Supplied data
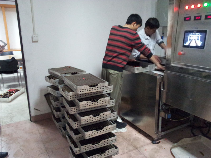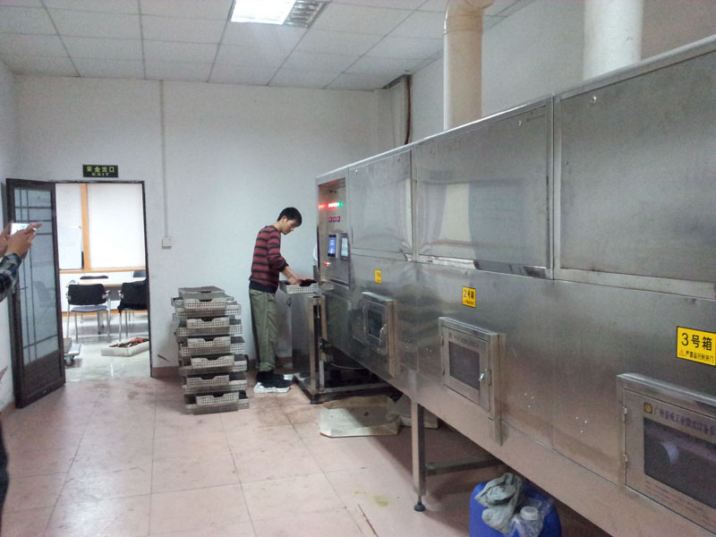[實驗記錄]利用微波隧道式殺菌設(shè)備進行連續(xù)式的進料殺菌,溫度達到85度,三分鐘的殺菌時間,對口服液進行殺菌處理。
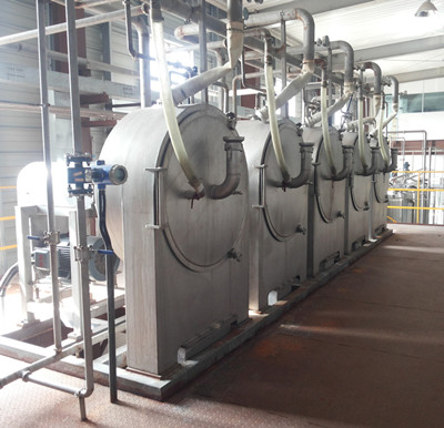 破碎后的薯類或小麥淀粉漿料通過進料機構均勻進入高速旋轉的篩藍內錐面上,在重力及離心力的作用下,漿料沿著篩面作圓周運動并同時向篩藍邊沿移動,通過洗水系統的噴淋,細小的淀粉顆粒透過篩網排出,由篩下消沫泵排出,較大的淀粉顆粒逐漸下落入渣倉并由渣泵排走,進入下離心篩再次分離,除去渣漿中吸附的游離淀粉。在背部系統的反沖洗作用下,可有效地去處篩面吸附的細渣,避免了篩面的堵塞,保證了設備的正常運轉。
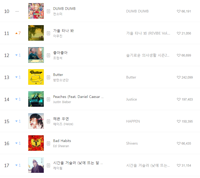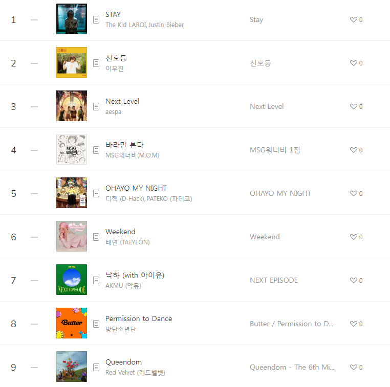 [2021년9월15일]멜론일간차트 TOP17, 1위- The Kid LAROI, Justin Bieber STAY(저스틴비버/듣기/가사/동영상) 본문
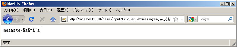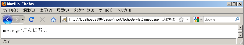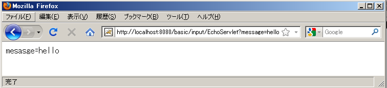 http://localhost:8080/basic/input/EchoServlet?message=goodmorning にアクセスをしてみましょう。 ただしくEchoServletで処理されてmessage="与えたデータ"が表示されると思います。
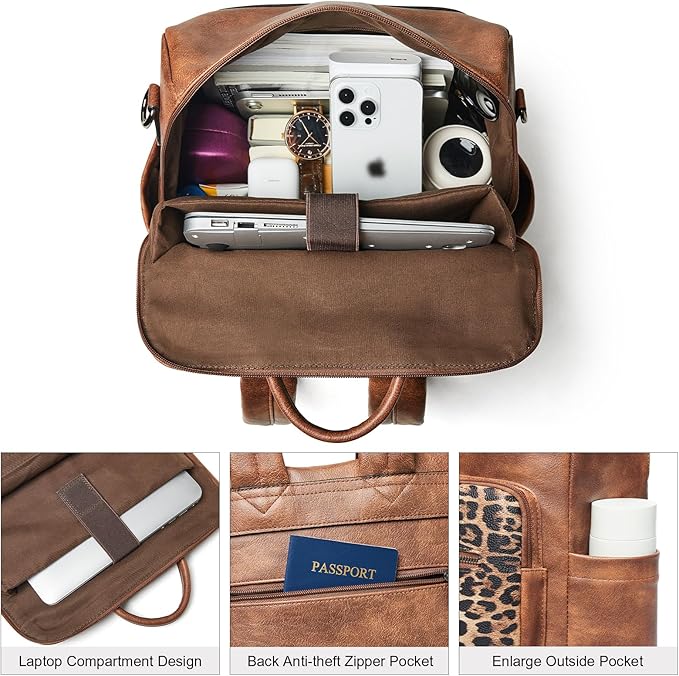 - 【High Quality Material】Backpack purse for women made of soft and durable faux leather and fabric lining,this leather backpack has a smooth and durable zipper closure,and each seam is reinforced for durability.The leather laptop backpacks features excellent water-resistant and moisture-proof properties, ensuring it remains in good condition even in humid environments
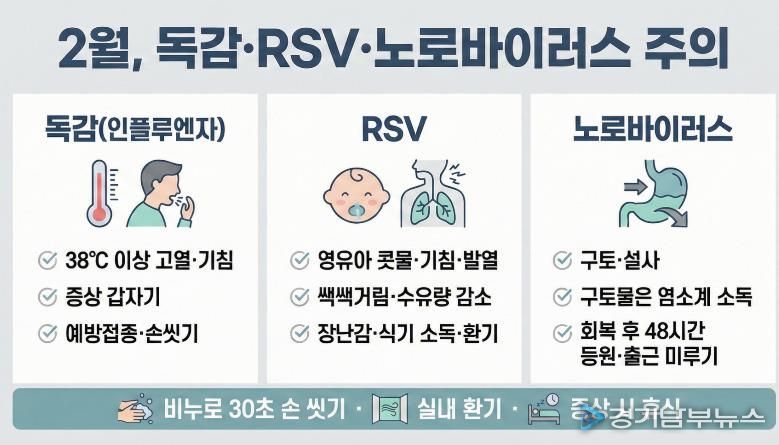 [경기남부뉴스 김혜숙 기자] 평택시는 2월은 실내 생활이 늘고 환기 부족으로 독감(인플루엔자)·호흡기세포융합바이러스(RSV)·노로바이러스 등 감염병이 유행할 수 있다며 시민들에게 개인위생 수칙 준수를 당부했다.
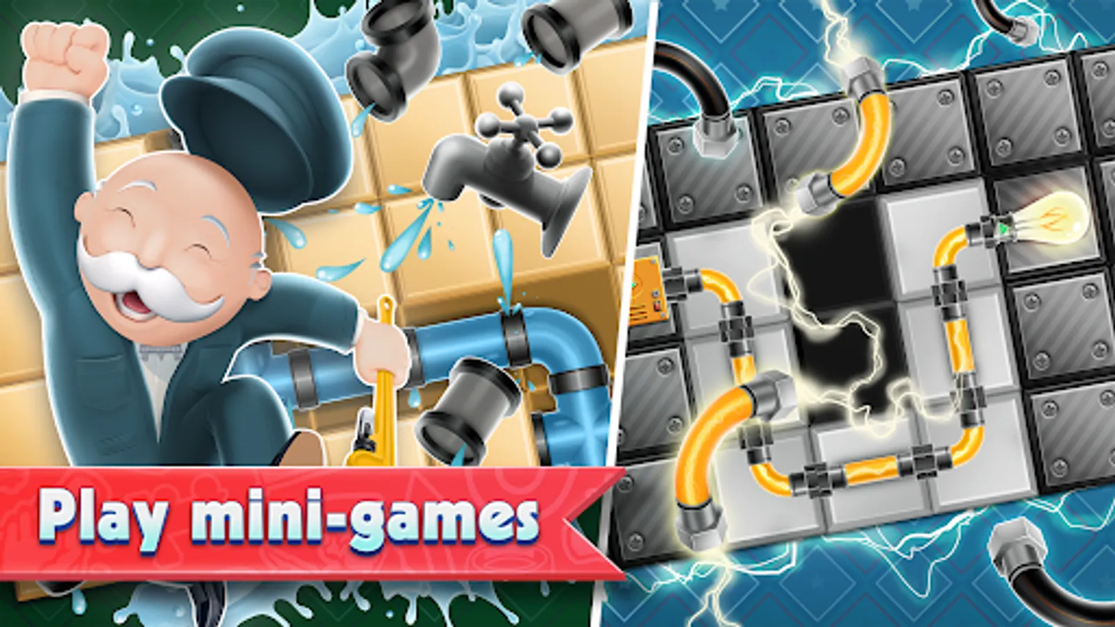 This is a MONOPOLY game, and true to its name it gives you the opportunity to buy properties and populate them with a wide variety of buildings: houses, hotels, even businesses! Follow Mr. MONOPOLY’s advice, make wise investments, build the city, and generate ever more rent in the process.
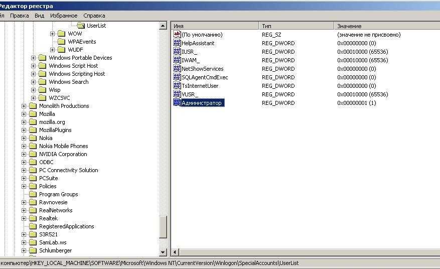 Отыскиваем раздел SpecialAccounts или создаем его, если не нашелся. В этом разделе ищем или создаем подраздел UserList, а в нем — новый параметр типа DWORD с именем скрываемой учетки. Если присвоить ему нулевое значение, то соответствующая учетная запись не будет отображаться ни на экране приветствия, ни в общем списке из панели управления.
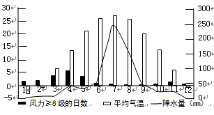 小题1:产生较大风力的月份,影响该地区的主要天气系统是
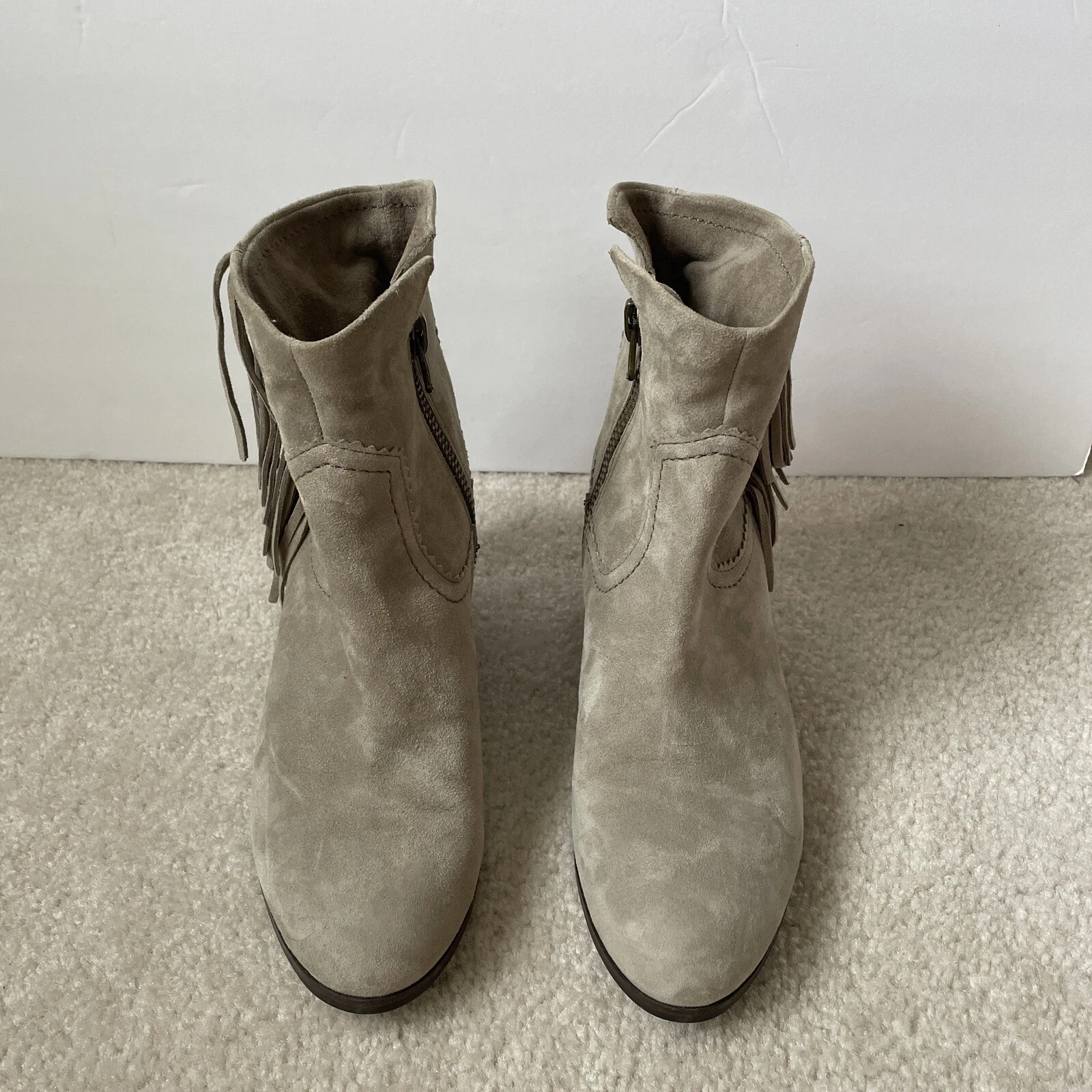 Elevate your style with these stunning Sam Edelman Louie fringe boots. These ankle boots come in a beautiful gray suede color with a solid pattern and a zip closure. The boots feature a mid-height block heel with a comfortable synthetic outsole that makes them perfect for any occasion, be it travel, party, casual or business.
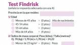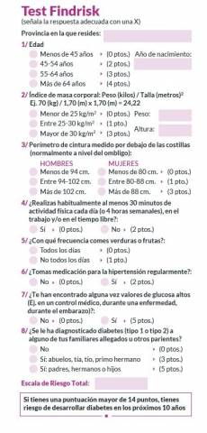 Se trata de un sencillo cuestionario eficaz y rápido de usar (lo puede realizar el propio paciente), utilizado en toda Europa. Este test tiene en cuenta la edad, índice de masa corporal, perímetro de cintura, actividad física, consumo de frutas y verduras, consumo de medicamentos para el control de la hipertensión arterial, antecedentes de glucosa en sangre elevada y antecedentes familiares de diabetes.
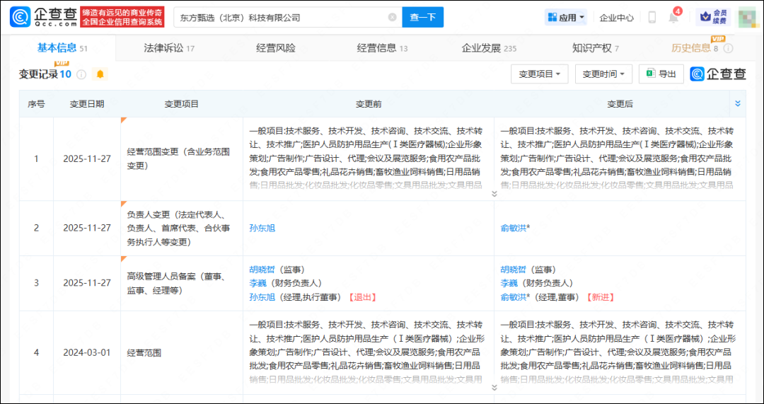 12月1日,企查查APP显示,近日,东方甄选(北京)科技有限公司发生工商变更,孙东旭卸任法定代表人、经理、执行董事职务,由俞敏洪接任。

Task item
Everything from the first line of the records through the line containing "破碎后的薯類或小麥淀粉漿料通" should be repeated exactly, with the pictures left out.

Exercise answer
[實驗記錄]利用微波隧道式殺菌設(shè)備進行連續(xù)式的進料殺菌,溫度達到85度,三分鐘的殺菌時間,對口服液進行殺菌處理。
 破碎后的薯類或小麥淀粉漿料通過進料機構均勻進入高速旋轉的篩藍內錐面上,在重力及離心力的作用下,漿料沿著篩面作圓周運動并同時向篩藍邊沿移動,通過洗水系統的噴淋,細小的淀粉顆粒透過篩網排出,由篩下消沫泵排出,較大的淀粉顆粒逐漸下落入渣倉并由渣泵排走,進入下離心篩再次分離,除去渣漿中吸附的游離淀粉。在背部系統的反沖洗作用下,可有效地去處篩面吸附的細渣,避免了篩面的堵塞,保證了設備的正常運轉。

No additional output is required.